In order to properly load and preprocess your own animal-specific data to train the network you need to prepare the filenames of your image data, next to the bounding box files for each image, in order to fit the following template/format:
Filename Image-Template: "SPECIES"_"YYYY-MM-DD"_"PHOTOGRAPHER"_"LOCATION"_"ID".(jpg, JPG, png)
Filename Bounding-Box-Template: "SPECIES"_"YYYY-MM-DD"_"PHOTOGRAPHER"_"LOCATION"_"ID".txt
1st-Element: SPECIES = Information about the corresponding animal species
2nd-Element: YYYY-MM-DD = Date when the image was taken, following the format Year, Month, and Day
3rd-Element: PHOTOGRAPHER = Name of the Photographer
4th-Element: LOCATION = Name of the Location where the Image was taken
5th-Element: ID = Unique ID (natural number) to identify the respective pair between image and bounding-box file
Due to the fact that the underscore (_) symbol was chosen as a delimiter between the single filename elements please do not use this symbol within your filename except for separation.
Example of valid filenames:
KillerWhale_2022-01-28_ChristianBergler_VancouverIsland_1234.JPG
1st-Element - SPECIES: = KillerWhale
2nd-Element - YYYY-MM-DD: = 2022-01-28
3rd-Element - PHOTOGRAPHER: ChristianBergler
4th-Element - LOCATION: = VancouverIsland
5th-Element - ID: = 1234
FIN-DETECT is capable of performing its own training, validation, and test split if there is not an existing one. Based on a given image folder (--image_folder option, needs to contain all image files, together with the bounding box ground truth annotation files) a new data partitioning will be conducted. Otherwise an existing data split has to exist. Within the config/info.data file the respective data split has to be defined. In case of the machine-based data partitioning everything will be done automatically. In case of an existing data split the train.txt, valid.txt, and test.txt path has to be adjusted/updated within the config/info.data file.

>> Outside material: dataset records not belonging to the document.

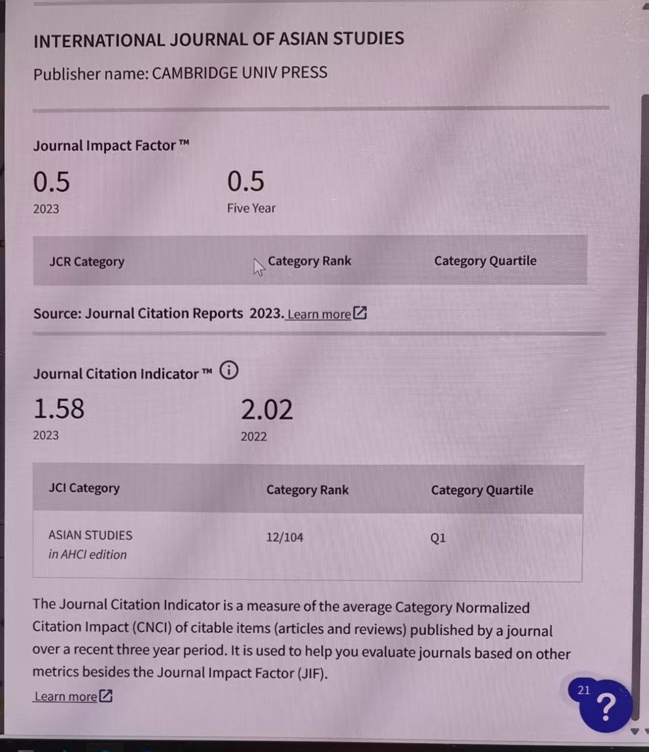 International Journal of Asian Studies是日本东京大学东洋文化研究所主办的、国际亚洲研究学界知名的学术半年刊,由剑桥大学出版社出版。该刊为A&HCI一区收录期刊,全年刊发研究性论文仅20篇上下。Web of Science 2023年亚洲研究A&HCI/ESCI期刊排名:12/104.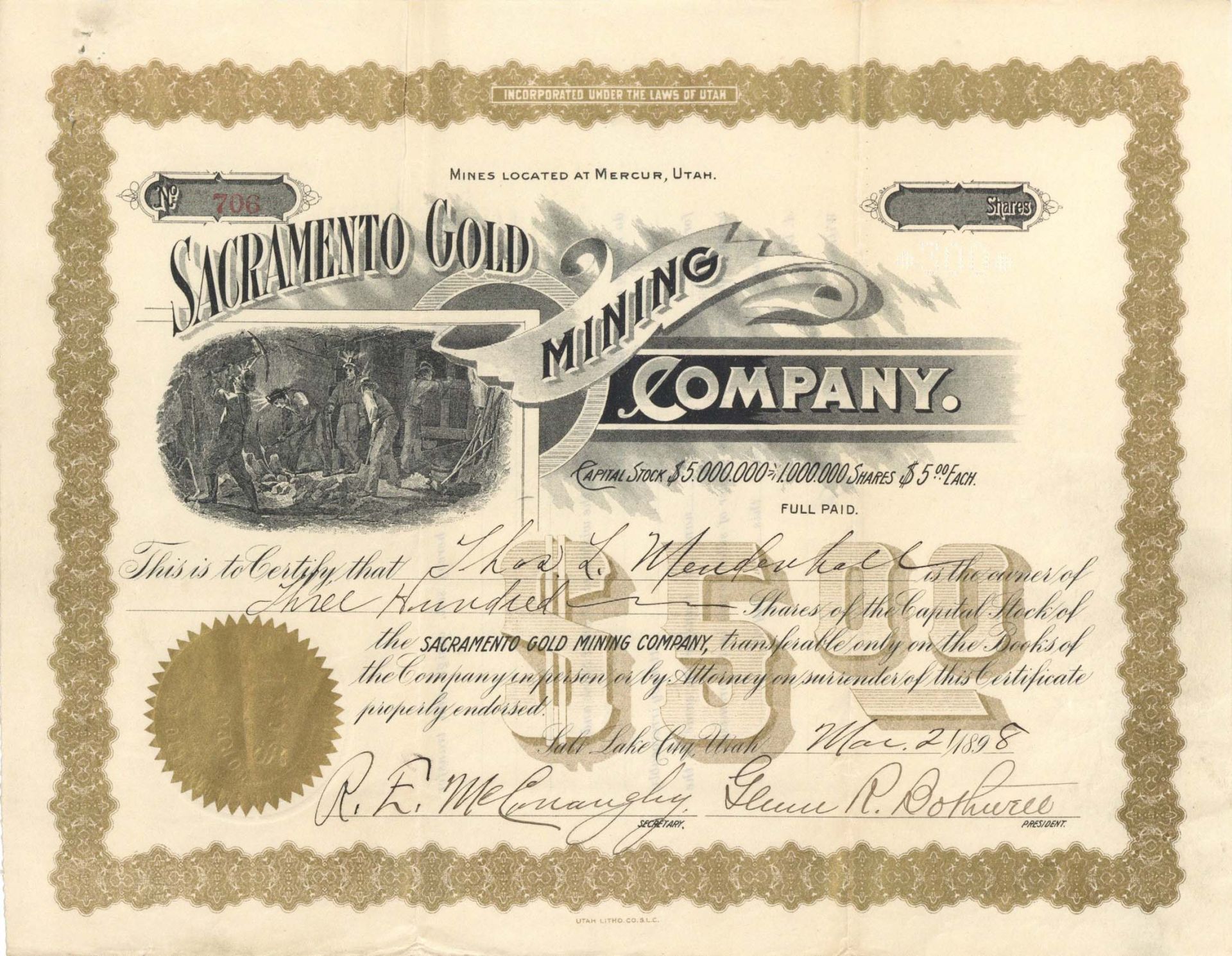 Sacramento Gold Mining Co. - 1898 dated Stock Certificate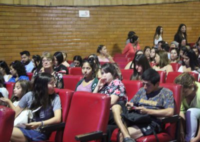 Ante un teatro municipal repleto, la actriz Javiera Contador realizó una charla de vida en Los Ángeles el pasado sábado.

Example of train.txt, valid.txt, and test.txt structure:
*ImagePath/ImageFile1.JPG\
ImagePath/ImageFile2.JPG\
ImagePath/ImageFile3.JPG\
ImagePath/ImageFile4.JPG\
(...)*
All bounding box files have to have the same filename as the original image, just a different filename ending (.txt). Moreover, the machine generated data split (only active if the --image_folder is set) offers an option that the validation and test partition does not contain images from the same phototgrapher and date. Bounding box ground truth files can be generated using the YOLO-MARK toolkit which is publicly available here:
https://github.com/AlexeyAB/Yolo_mark
Each bounding box file (.txt) contains one line per annotated bounding box within a specific image containing the following information:
ClassIndex x-coor y-coor bb-width bb-height
ClassIndex is defined within the config/class.names file. The class names are listed per line, while getting an increasing index value assigned, e.g. first line = index 0 = fin, second line = index 1 = no-fin. The x-coordinate (x-coor) and y-coordinate (y-coor) of the bounding box are the centered coordinates describing the image-specific normalized center of the corresponding bounding box. The image-specific normalized width (bb-width) and height (bb-height) of the bounding box is describing the width and height of the respective boudning box.

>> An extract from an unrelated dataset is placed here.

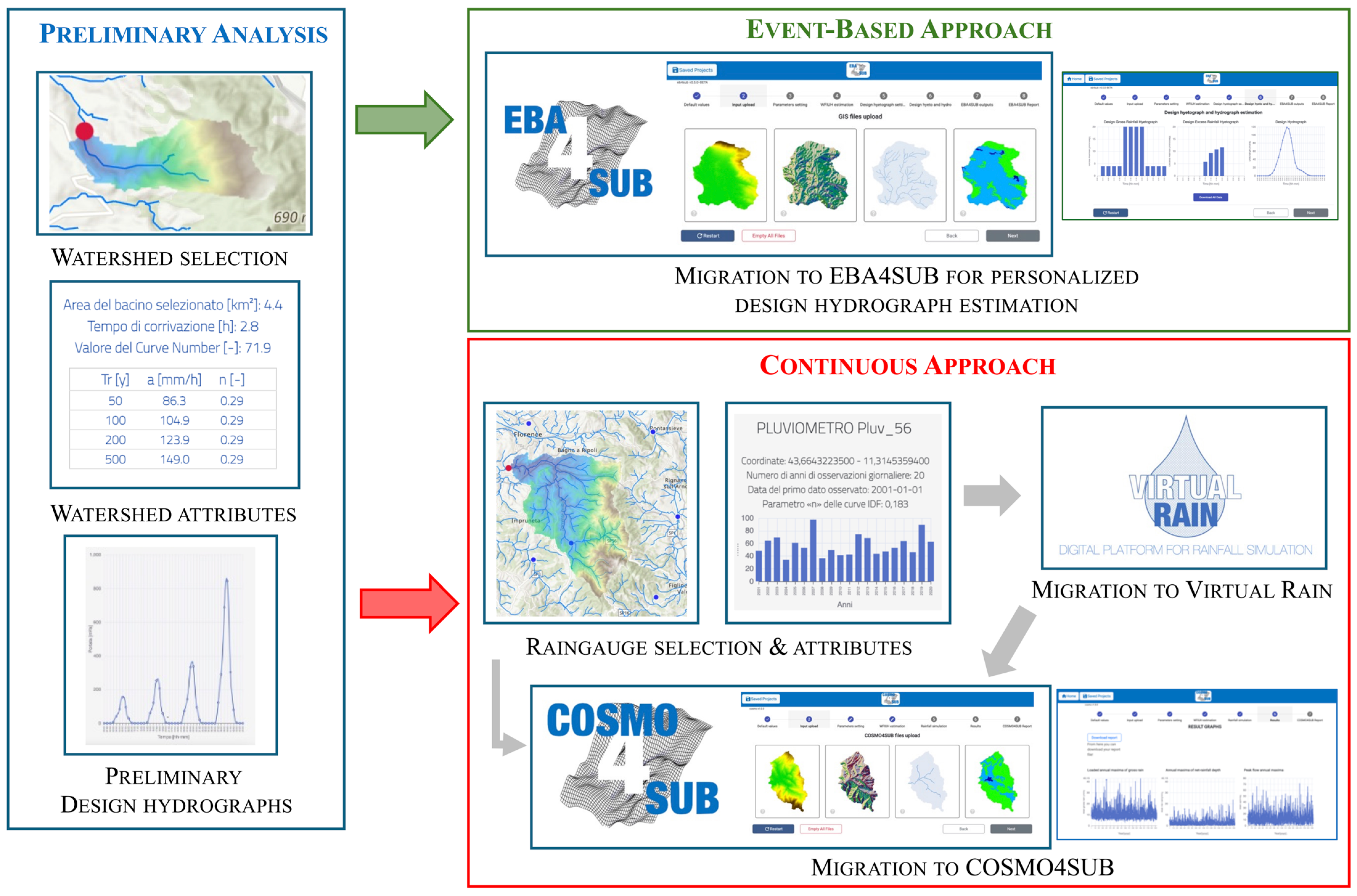 The platform integrates three hydrological models developed for small and ungauged catchments: EBA4SUB (event-based rainfall–runoff model), COSMO4SUB (continuous rainfall–runoff model), and Virtual Rain (stochastic rainfall generator). Each balances robustness with parsimony, and together they provide a suite of modelling options for both event-based and continuous simulation contexts. The platform offers a streamlined and user-friendly interface, enabling practitioners to efficiently prepare inputs and perform simulations without extensive GIS or programming expertise.

For a detailed description about each possible training option we refer to the usage/code in train.py (usage: train.py -h), together with the paper descriptions.
This is just an example command in order to start network training with an existing data split and without an existing data split:
train.py --debug --log_dir log_dir --summary_dir summary_dir --model_cfg path_to_folder/yolov3-custom.cfg --data_config path_to_folder/info.data --pretrained_weights path_to_folder/yolov3.weights --evaluation_interval 1 --learning_rate 0.0001 --conf_thres 0.5
train.py --debug --log_dir log_dir --summary_dir summary_dir --model_cfg path_to_folder/yolov3-custom.cfg --data_config path_to_folder/info.data --pretrained_weights path_to_folder/yolov3.weights --evaluation_interval 1 --learning_rate 0.0001 --conf_thres 0.5 --image_folder image_folder
The pre-trained weights for YOLOv3, together with the DarkNet-53 architecture as backbone, are publicly available here:
https://github.com/eriklindernoren/PyTorch-YOLOv3/tree/master/weights
In this study the experiments were processed using either the yolov3.weights or the darknet53.conv.74 weights, whereas the yolov3.weights led to the best model results.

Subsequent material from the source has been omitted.